**INSTRUCTIONS TO FOLLOW**
In the records below, find the line that contains "Полотенцесушитель водяной 1045x538" and the line that contains "不會看火候溫度的,鍋柄處比其". Set down exactly those lines and every line between them, and nothing more.

** Opening EXTRACTED ENTRIES block **

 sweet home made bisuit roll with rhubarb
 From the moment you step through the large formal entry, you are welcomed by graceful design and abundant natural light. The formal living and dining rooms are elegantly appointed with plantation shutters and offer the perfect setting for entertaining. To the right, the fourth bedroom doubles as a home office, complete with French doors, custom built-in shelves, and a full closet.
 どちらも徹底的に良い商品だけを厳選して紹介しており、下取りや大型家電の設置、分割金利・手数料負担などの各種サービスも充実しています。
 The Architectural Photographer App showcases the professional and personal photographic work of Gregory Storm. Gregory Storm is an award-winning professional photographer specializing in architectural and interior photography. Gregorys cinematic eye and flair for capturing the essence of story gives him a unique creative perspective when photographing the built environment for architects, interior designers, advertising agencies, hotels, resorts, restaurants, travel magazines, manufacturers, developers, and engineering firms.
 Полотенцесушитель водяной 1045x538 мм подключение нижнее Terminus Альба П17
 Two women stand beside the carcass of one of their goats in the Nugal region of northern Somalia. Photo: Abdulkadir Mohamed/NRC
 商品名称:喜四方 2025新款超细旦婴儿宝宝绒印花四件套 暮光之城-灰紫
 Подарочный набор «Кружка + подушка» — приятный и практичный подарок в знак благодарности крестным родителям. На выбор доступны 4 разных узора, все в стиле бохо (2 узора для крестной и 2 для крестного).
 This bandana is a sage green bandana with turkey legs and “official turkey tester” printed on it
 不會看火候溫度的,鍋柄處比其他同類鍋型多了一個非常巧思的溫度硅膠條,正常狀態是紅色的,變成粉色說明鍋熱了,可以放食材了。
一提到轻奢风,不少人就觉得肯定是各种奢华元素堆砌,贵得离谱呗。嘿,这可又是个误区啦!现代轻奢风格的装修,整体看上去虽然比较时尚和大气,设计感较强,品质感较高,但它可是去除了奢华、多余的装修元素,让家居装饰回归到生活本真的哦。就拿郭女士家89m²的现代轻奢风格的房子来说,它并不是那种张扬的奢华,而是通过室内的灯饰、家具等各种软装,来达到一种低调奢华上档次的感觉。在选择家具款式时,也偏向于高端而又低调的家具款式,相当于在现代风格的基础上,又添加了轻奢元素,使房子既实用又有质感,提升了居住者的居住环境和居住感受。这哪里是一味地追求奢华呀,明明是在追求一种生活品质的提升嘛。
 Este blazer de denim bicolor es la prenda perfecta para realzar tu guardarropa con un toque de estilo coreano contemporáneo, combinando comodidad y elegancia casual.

** Closing EXTRACTED ENTRIES block **

**SOLUTION TO THIS TASK**
 Полотенцесушитель водяной 1045x538 мм подключение нижнее Terminus Альба П17
 Two women stand beside the carcass of one of their goats in the Nugal region of northern Somalia. Photo: Abdulkadir Mohamed/NRC
 商品名称:喜四方 2025新款超细旦婴儿宝宝绒印花四件套 暮光之城-灰紫
 Подарочный набор «Кружка + подушка» — приятный и практичный подарок в знак благодарности крестным родителям. На выбор доступны 4 разных узора, все в стиле бохо (2 узора для крестной и 2 для крестного).
 This bandana is a sage green bandana with turkey legs and “official turkey tester” printed on it
 不會看火候溫度的,鍋柄處比其他同類鍋型多了一個非常巧思的溫度硅膠條,正常狀態是紅色的,變成粉色說明鍋熱了,可以放食材了。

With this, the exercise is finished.